Парень повернул голову в сторону и посмотрел на Чино, который продолжал стоять у рулевого колеса.
— Что?
— А я думал, ты уже уснул.
— У меня не сон на уме, а что-то другое. Я бы с удовольствием уснул, чтобы ты разбудил меня по прибытии. Да куда там. Единственное, чего я хотел бы, — это увидеть кусочек земли, пусть это будет островок, огонечек или еще что-нибудь, только не море.
— Делай то, что я тебе говорю. Отвлекись, расскажи мне о чем-нибудь, и мне тоже поможешь преодолеть сон.
— Так о чем же тебе рассказать?
— О чем угодно, старик. Ты когда-нибудь видел, чтобы кубинца просили об этом? Ты разве никогда не сидел у покойника, или на дежурстве, или когда чего-то ждешь? Расскажи какую-нибудь небылицу, фильм или еще что, чтобы я не уснул.
Тони подумал и рассказал немного о своих планах на неизвестное еще будущее, затем о родственниках, оставшихся на Кубе, и о тех, что ждут его там, в США. Прежде всего о своем важном дяде, который тоже был настоящим моряком и человеком ЦРУ с большим стажем. Он пытался фантазировать, кем бы ему удалось стать, если бы он уехал в США раньше и, получив работу, жил бы там так же, как и его знакомые, которые писали, что дела у них идут отлично. Тони говорил и говорил до тех пор, пока Чино уже стал сомневаться, что же лучше — развеять сон, слушая эти невообразимые выдумки, или, напротив, заставить его замолчать.
После часа ночи дозаправили бак с топливом. Это было необходимо, а заодно в это время можно было размять мышцы и встряхнуться. Затем снова наступила тишина. Тони погрузился в раздумья, а Чино сосредоточил внимание на управлении судном, и теперь не было необходимости кому-то развлекать его. Он мог беседовать и сам с собой. Кроме того, у него были кое-какие сомнения в отношении завтрашнего дня, которые он не хотел обсуждать с остальными членами экипажа.

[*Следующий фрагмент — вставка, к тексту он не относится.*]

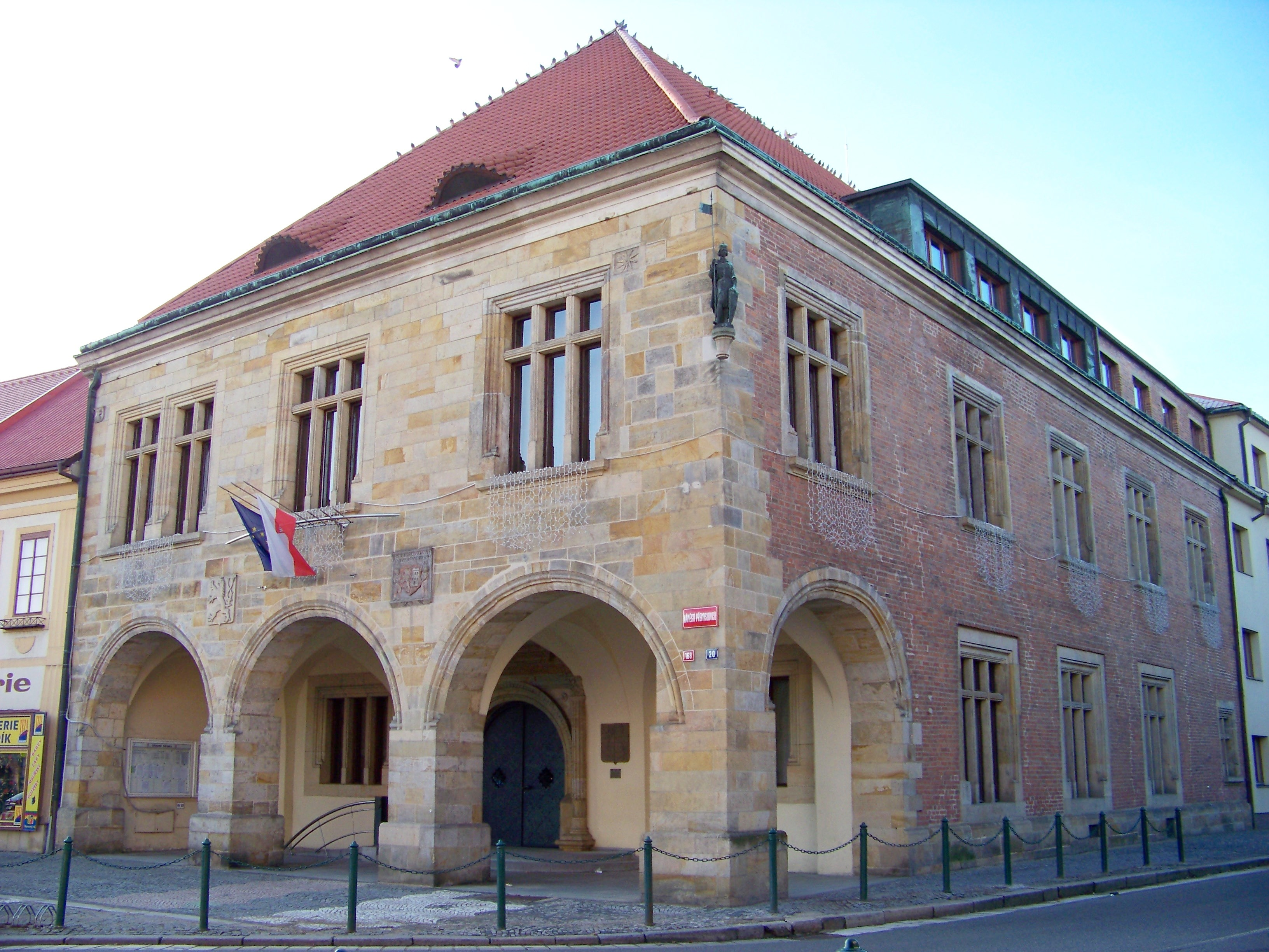 Nymburk, Nymburk District, Central Bohemian Region, the Czech Republic. Náměstí Přemyslovců and Boleslavská třída, a town hall.

Почти сразу же после рассвета, как будто выждав время, установленное Чино, подал признаки жизни Каэтано. С трудом поднявшись, он протер глаза и посмотрел на горизонт. Земли не было видно. Внезапно ему стало страшно, но он старался не показывать свою растерянность, хотя его внешний вид выдавал его. Едва держась на ногах, он сделал попытку оправдать свое состояние:
— Что со мной происходит, сеньоры? Это впервые, клянусь! Ведь я человек, много проплававший за свою жизнь, прошедший через морские штормы. Не знаю, почему мне так не повезло в спокойную погоду, когда я переходил эту лужу.

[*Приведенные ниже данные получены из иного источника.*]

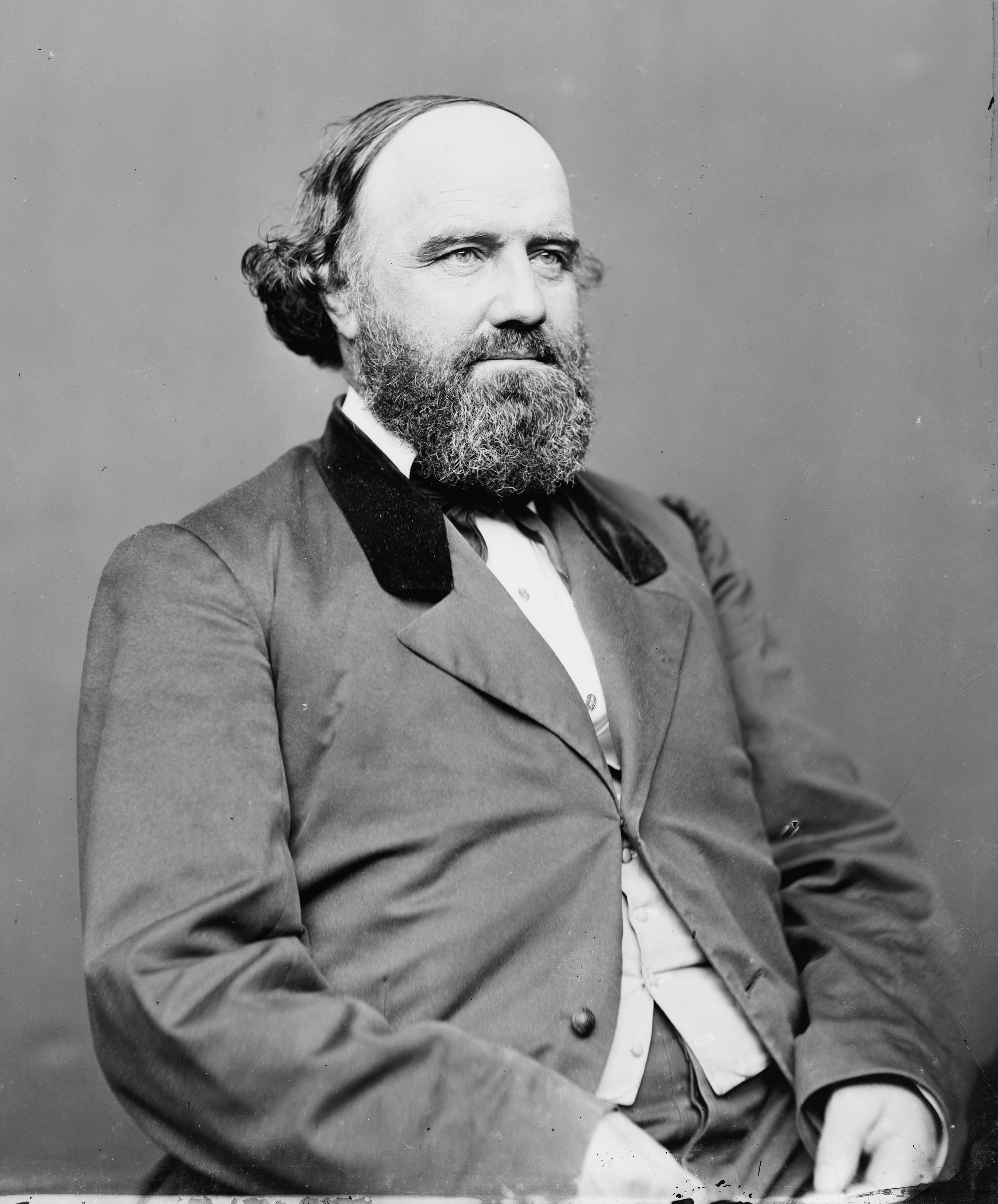 Samuel C. Pomeroy. Library of Congress description: "Pomeroy, Hon. Samuel Clarke of Kansas"

Он сознательно преувеличивал. В действительности не так уже легко было, как он говорил, «перейти эту лужу». Многие люди, к несчастью, думали так же, не обманулись в своих надеждах и нашли смерть в море. Не каждое судно подходило для этого опасного предприятия.
До рассвета на борту судна было двое людей, нервы которых были предельно напряжены. Лишь Чино еще владел собой, но, как только взошло солнце, и его покинуло спокойствие. Чино никому ничего не говорил, чтобы не вызвать паники, но сейчас ему самому казалось странным, почему они задерживались с прибытием. Видимо, что-то перепутали при расчетах. По крайней мере, уже должна была чувствоваться близость берега, но никаких его признаков не видно. Куда ни посмотришь — повсюду море. «Как же мог я обмануть всех остальных, говоря им, что все шло хорошо? Действительно ли мы пересекали пролив, направляясь в Майами? Неужели море сыграло с нами злую шутку?»

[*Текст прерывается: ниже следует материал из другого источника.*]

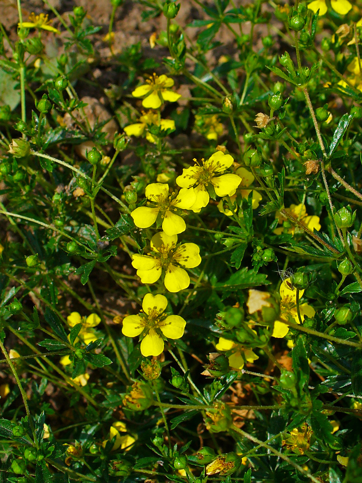 Potentilla erecta, Rosaceae, Common Tormentil, flowers.

— Ты сказал, когда рассветет? А? — В вопросе Тони звучал упрек, но Чино был уже готов к этому:
— У тебя плохая память. Я сказал, что прибудем, когда рассветет, «в лучшем случае».
— Так? А если в крайнем случае? То послезавтра?
— А кто его знает, в море все бывает.
— Да, но девяносто миль есть девяносто миль, верно?
«Моя мечта» шла вперед в полном одиночестве среди синей пустыни, равномерно разрезая волны, неустанно прокладывая легкую борозду своим прочным выцветшим носом.
«Это судно с хорошими мореходными качествами, но слишком тихоходное», — думал рулевой.
Но помимо его воли в голову приходили сомнения, он вспоминал известные ему случаи, от которых мог бы вздрогнуть даже самый выдержанный и спокойный мореплаватель.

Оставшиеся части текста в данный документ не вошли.